- Andani Location in Uttar Pradesh, India
- Coordinates: 27°03′02″N 78°57′37″E﻿ / ﻿27.05049°N 78.96021°E
- Country: India
- State: Uttar Pradesh
- District: Mainpuri
- Tehsil: Karhal

Area
- • Total: 12.60 km^{2} (4.86 sq mi)

Population (2011)
- • Total: 2,515
- • Density: 199.6/km^{2} (517.0/sq mi)
- Time zone: UTC+5:30 (IST)
- PIN: 206264

= Andani =

Village in Uttar Pradesh, India

Andani is a village in Karhal block of Mainpuri district, Uttar Pradesh. As of 2011, it had a population of 2,515, in 440 households.

== Demographics ==
As of 2011, Andani had a population of 2,515, in 440 households. This population was 55.1% male (1,385) and 44.9% female (1,130). The 0-6 age group numbered 299 (175 male and 124 female), or 11.9% of the total population. 393 residents were members of Scheduled Castes, or 15.6% of the total.

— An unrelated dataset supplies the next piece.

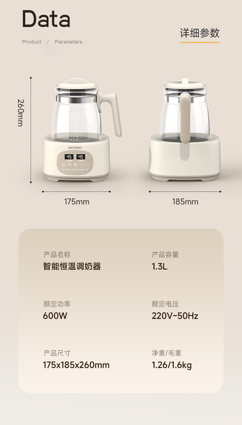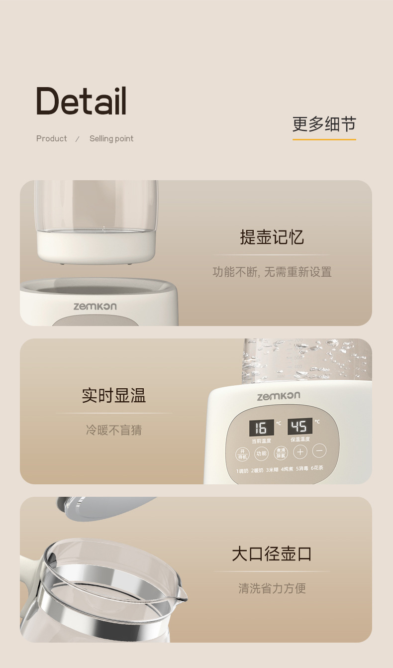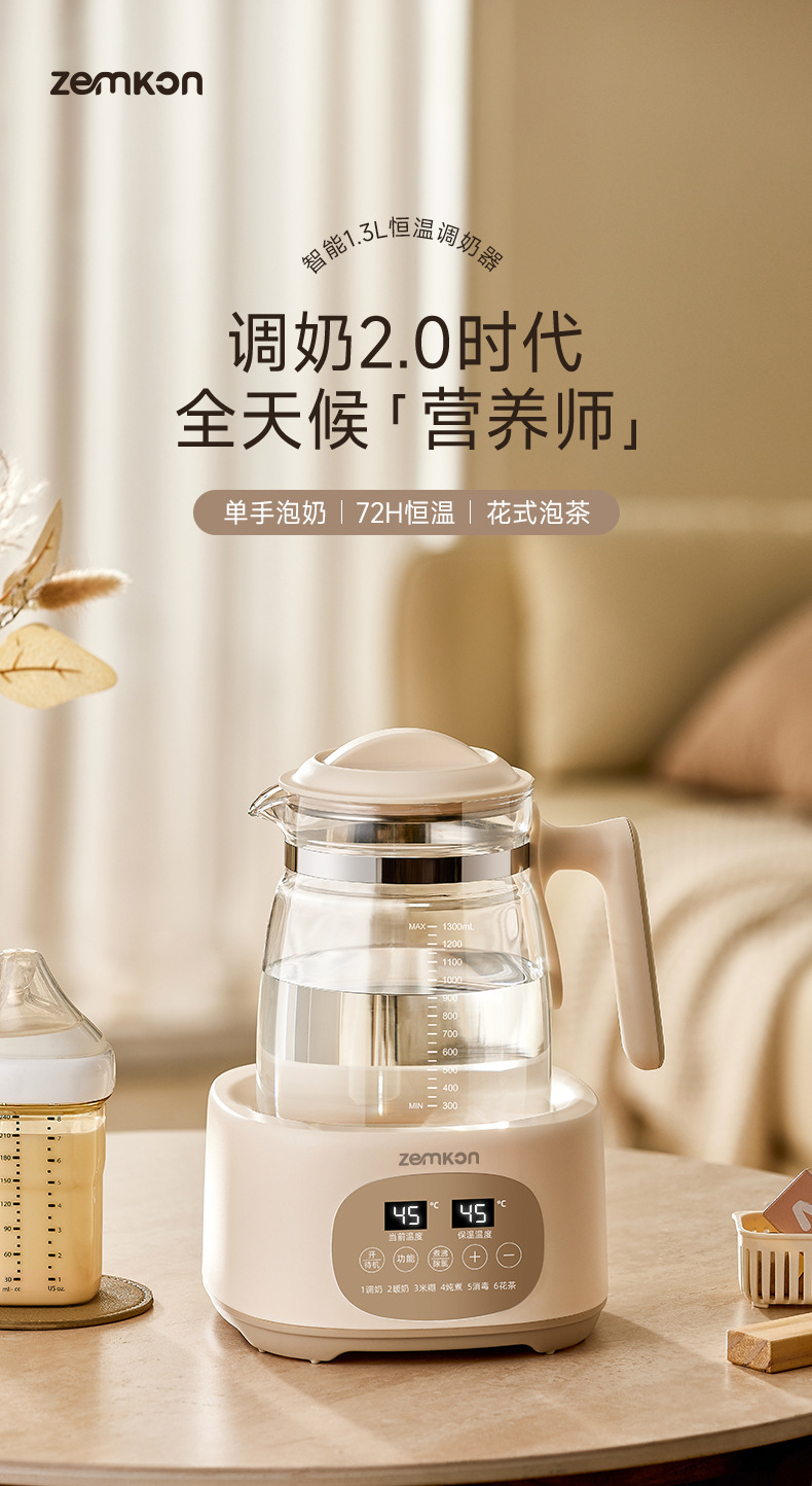 Zemkon德国养生壶安全恒温电热水壶家用智能保温泡奶机婴儿调奶器

The 1961 census recorded Andani as comprising 4 hamlets, with a total population of 1,081 people (578 male and 503 female), in 202 households and 160 physical houses. The area of the village was given as 1,297 acres.

== Infrastructure ==
As of 2011, Andani had 3 primary schools; it did not have any kind of healthcare facility. Drinking water was provided by well, hand pump, and tube well; there were no public toilets. The village had a post office but no public library; there was at least some access to electricity for all purposes. Streets were made of pakka materials.